In the case of COVID-19, once the vaccine or treatment is available, every country in the world will seek its prompt procurement, and this poses a challenge to those countries’ regulatory agencies, as they will have to work quickly, with lots of pressure and under global and regional coordination. To accelerate this process, platforms as Access to COVID-19 Tools (ACT Accelerator), signed by the European Union, CEPI and IFPMA, have been created to boost promptness and efficiency around anti-coronavirus medications.
Regarding the role of regulatory agencies, the Drug Information Association (DIA), an international organization encouraging innovation in the healthcare sector, invited Cammilla Horta Gomes, Latin America Regulatory Policy Lead at Roche, to participate in a podcast where she explained the response of the region’s agencies.
Horta Gomes, who served the Brazilian regulatory agency for 14 years, explained that “crises are generally unpredictable, multilayer, and involve multiple stakeholders “, so agencies must become flexible in this changing ecosystem without leaving rigor, safety and efficiency aside. In order to adapt to this new reality, each regulatory agency has a different approach to the challenges posed by the pandemic, such as new protocols, applications and urgent demands and the integration of technology in the processes. Failure to adapt, could endanger the access of products thus affecting the entire population.
Countries as Peru and Uruguay are accepting electronic formats of applications for medicines and vaccines, while countries like Colombia and Chile are trying to implement electronic signatures to carry out online procedures. Furthermore, agencies are having regular meetings with local associations to update themselves on local measures of each place.
However, according to Gomes, the health emergency situation “is exposing inequalities that exist in our region, we have big differences in the structure, the organization and in the resources, that each regulator has to work in this time of crisis”. This makes some entities unable to operate remotely because they either depend on printed documents or do not have the necessary equipment. Then, the only solution is to close or restrict activities to the minimum.
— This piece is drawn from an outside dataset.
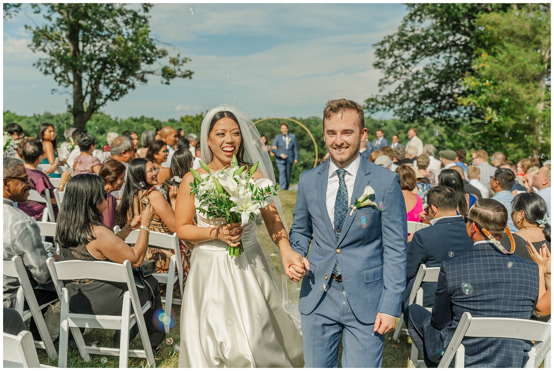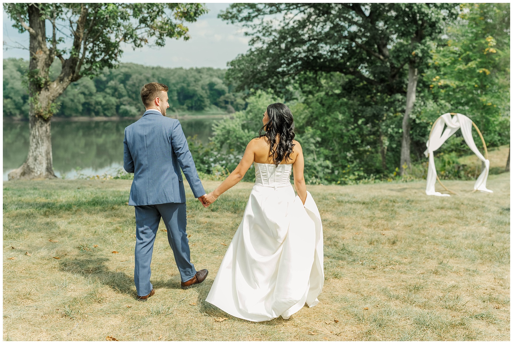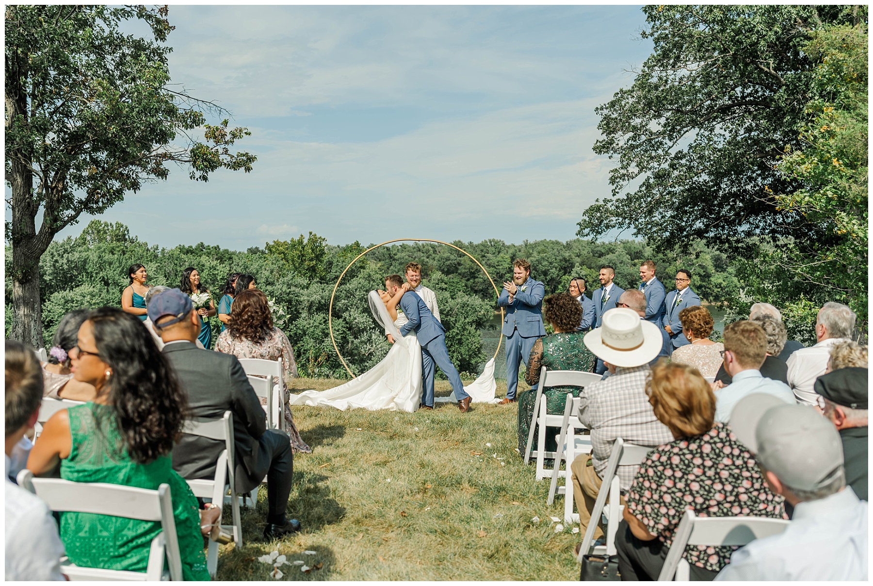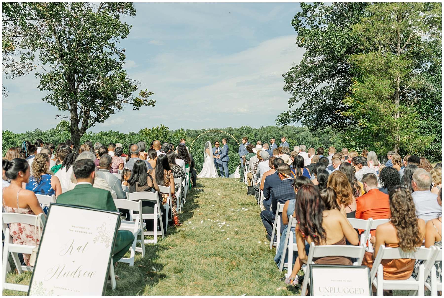 The week leading up to their big day carried the constant threat of storms, and the forecast for September 6th wasn’t looking promising. But in true wedding miracle fashion, the skies cleared and the rain held off, giving Kat and Andrew the beautiful outdoor ceremony they had dreamed of. Guests gathered on the lawn overlooking the Potomac River—a view that never fails to leave everyone in awe.

As to such inspections conducted by regulatory agents on laboratories, Gomes explains that the entities are depending on “reliance and recognition as an alternative.” Since travelling is impossible, remote inspections are being performed or certificates are being granted with greater flexibility. The same happens for clinical trials, where there is a current need of approving them quickly, especially when it relates to COVID-19.
Similarly, the agencies have chosen to announce that they will take longer to deliver regulatory responses to new medicines; in the long term, says Gomes, this could directly affect patients with other diseases “in an unpredictable way”.
Now, a topic of interest today is coronavirus tests that must go through regulatory agencies. The most important thing is that tests should be of good quality, but with so many tests in the market, agencies can choose to rely on the decisions made by other regulators when procuring the tests. “No matter what the strategy is, adapting transparency here (in the lists they publish) is the key element”, explains Cammilla Gomes. Using information from other regulatory agencies may also be helpful to continue supplying other coronavirus-related and non-coronavirus related medications.
In summary, regulatory agencies are experiencing an unprecedented collaborative momentum. Although this collaboration came out from a specific need, Cammillla Gomes hopes that this repeats over time and not only with the healthcare sector. Each Latin-American country has something unique to contribute with; now it only remains trusting each other.